If, however, you were somehow relying on anon.lcs.mit.edu's
sendmail for "light" anonymity, you should start using real
remailers before it's too late. Though I don't really mind
suppressing Received: headers, this looks somewhat difficult to do
with MTA's other than sendmail, so if sendmail gets junked, we may
end up with something that adds Received headers.
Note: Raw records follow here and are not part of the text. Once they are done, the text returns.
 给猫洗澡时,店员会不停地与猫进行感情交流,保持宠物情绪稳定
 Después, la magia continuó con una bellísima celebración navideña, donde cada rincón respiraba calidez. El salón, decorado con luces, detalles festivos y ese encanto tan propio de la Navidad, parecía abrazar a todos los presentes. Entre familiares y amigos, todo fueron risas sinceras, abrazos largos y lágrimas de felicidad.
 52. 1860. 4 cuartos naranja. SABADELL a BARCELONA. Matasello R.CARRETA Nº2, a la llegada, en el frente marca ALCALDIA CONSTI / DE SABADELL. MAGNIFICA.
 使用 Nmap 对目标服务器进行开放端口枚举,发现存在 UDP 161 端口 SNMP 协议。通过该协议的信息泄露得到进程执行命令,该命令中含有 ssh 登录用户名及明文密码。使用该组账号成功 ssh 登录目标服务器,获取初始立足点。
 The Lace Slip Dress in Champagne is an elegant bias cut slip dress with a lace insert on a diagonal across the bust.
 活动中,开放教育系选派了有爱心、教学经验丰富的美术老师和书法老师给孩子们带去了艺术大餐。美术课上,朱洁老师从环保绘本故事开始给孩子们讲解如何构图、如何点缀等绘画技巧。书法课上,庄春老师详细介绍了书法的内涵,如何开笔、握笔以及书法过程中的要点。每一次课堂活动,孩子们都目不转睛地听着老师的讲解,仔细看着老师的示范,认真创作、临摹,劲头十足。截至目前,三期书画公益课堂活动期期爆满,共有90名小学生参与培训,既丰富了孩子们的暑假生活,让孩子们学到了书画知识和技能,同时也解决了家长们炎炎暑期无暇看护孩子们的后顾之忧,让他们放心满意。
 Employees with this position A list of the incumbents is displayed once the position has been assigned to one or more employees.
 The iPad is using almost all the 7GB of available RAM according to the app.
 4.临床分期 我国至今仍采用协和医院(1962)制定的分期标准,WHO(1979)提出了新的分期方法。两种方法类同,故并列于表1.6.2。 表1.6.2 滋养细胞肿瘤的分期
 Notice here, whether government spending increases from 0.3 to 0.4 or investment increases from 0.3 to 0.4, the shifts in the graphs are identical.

* SMTP destination statistics may be kept. Recent versions of
sendmail (and other MTA's) can keep statistics on delivery to
remote machines, to prevent blocking multiple times when sending
mail to unavailable remote hosts. The information kept appears to
be the name of each remote machine to which mail has been sent, and
the last time at which an attempt to send mail to that host was
made. Such information would not be backed up, and could
potentially be purged daily.
I understand this may cause concern. I welcome any feedback or
suggestions on how to deal with this, either in sendmail or also
qmail (which I'm thinking of switching to). The worst case
scenario seems to be the case where anon is seized or stolen and
someone discovers that your machine received a piece of mail from
it. No information will be available about whether or not you ever
sent mail to anon.lcs.mit.edu. This seems acceptable because if
someone really needed to prove you had received a piece of mail
from nym.alias.net, that person could already do so by tapping your
network and sending you a message through nym.alias.net.
Despite these changes, anon.lcs.mit.edu does not currently and will
never keep any message-by-message mail logs. Sendmail currently runs
at log level 1, which the documentation describes as logging only
"Serious system failures and potential security problems."